▸ **What to produce**
From the records below, transcribe only the lines running from the one with "БЛОКПОСТ ТДК-02 –" through the one with "インラインで展開している16". Keep both of those end lines.

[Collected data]

=== Section Start ===

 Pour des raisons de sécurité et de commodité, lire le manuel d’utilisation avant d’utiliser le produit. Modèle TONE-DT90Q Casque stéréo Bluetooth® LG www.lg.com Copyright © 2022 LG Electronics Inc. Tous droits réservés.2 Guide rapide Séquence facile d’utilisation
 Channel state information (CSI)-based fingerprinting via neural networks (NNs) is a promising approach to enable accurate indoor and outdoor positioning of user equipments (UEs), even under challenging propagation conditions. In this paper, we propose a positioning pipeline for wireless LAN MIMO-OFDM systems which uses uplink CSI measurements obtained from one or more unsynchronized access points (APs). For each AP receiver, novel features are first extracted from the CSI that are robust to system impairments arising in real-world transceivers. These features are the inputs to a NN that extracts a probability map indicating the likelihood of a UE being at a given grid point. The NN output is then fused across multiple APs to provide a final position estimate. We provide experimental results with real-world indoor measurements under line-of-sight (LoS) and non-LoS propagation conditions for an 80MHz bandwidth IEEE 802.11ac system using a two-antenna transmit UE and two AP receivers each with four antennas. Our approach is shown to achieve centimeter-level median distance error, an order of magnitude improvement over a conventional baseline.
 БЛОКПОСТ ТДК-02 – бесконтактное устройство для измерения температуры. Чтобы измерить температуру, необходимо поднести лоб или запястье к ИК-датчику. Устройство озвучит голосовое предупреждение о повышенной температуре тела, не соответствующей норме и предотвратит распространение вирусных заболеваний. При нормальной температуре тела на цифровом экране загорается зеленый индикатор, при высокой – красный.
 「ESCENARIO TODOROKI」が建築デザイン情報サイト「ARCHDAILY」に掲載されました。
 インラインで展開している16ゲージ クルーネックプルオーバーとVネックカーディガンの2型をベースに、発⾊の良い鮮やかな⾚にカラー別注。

=== Section End ===
=== Section Start ===

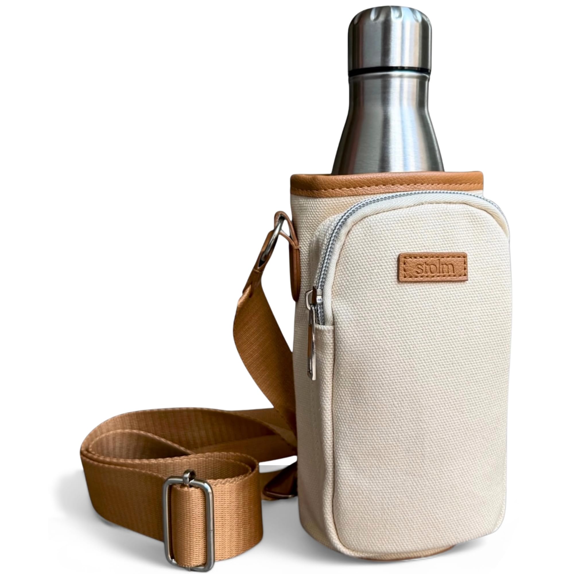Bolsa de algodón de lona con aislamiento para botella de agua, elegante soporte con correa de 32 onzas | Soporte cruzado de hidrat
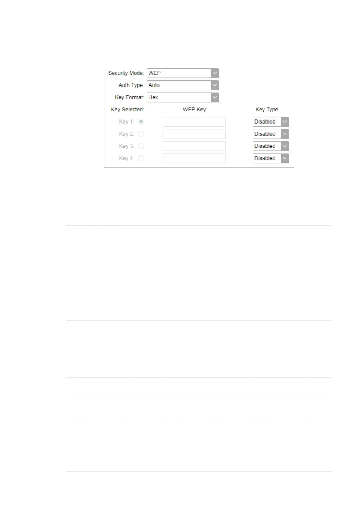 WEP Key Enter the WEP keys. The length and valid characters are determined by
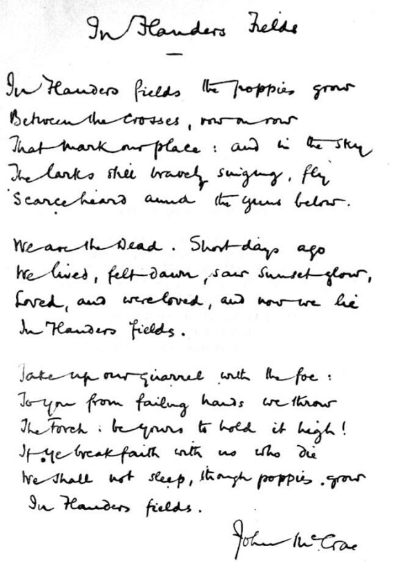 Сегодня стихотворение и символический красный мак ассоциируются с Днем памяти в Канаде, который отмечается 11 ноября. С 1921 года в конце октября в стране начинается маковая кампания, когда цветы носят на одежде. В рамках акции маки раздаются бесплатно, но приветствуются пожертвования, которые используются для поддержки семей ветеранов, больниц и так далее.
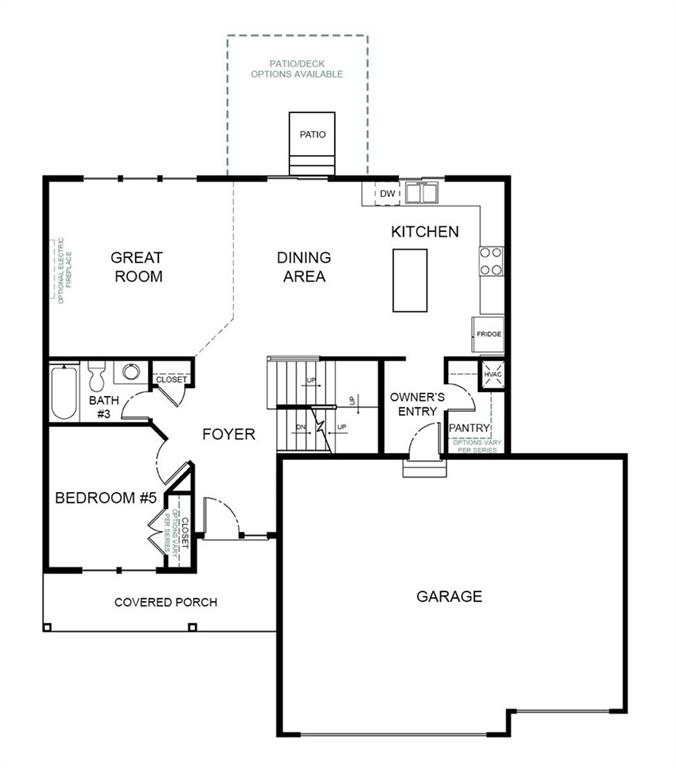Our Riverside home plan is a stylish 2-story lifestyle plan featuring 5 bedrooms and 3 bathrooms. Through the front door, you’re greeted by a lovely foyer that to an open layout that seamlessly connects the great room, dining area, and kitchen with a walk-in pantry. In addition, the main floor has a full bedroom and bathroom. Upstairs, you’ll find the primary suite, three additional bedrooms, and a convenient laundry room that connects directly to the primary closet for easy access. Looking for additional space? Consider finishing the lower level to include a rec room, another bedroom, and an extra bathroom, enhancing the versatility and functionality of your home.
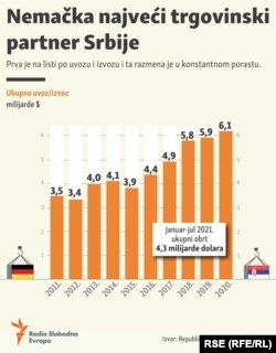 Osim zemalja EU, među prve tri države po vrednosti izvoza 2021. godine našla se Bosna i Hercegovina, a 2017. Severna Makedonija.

=== Section End ===

▸ **Response to the exercise**
 БЛОКПОСТ ТДК-02 – бесконтактное устройство для измерения температуры. Чтобы измерить температуру, необходимо поднести лоб или запястье к ИК-датчику. Устройство озвучит голосовое предупреждение о повышенной температуре тела, не соответствующей норме и предотвратит распространение вирусных заболеваний. При нормальной температуре тела на цифровом экране загорается зеленый индикатор, при высокой – красный.
 「ESCENARIO TODOROKI」が建築デザイン情報サイト「ARCHDAILY」に掲載されました。
 インラインで展開している16ゲージ クルーネックプルオーバーとVネックカーディガンの2型をベースに、発⾊の良い鮮やかな⾚にカラー別注。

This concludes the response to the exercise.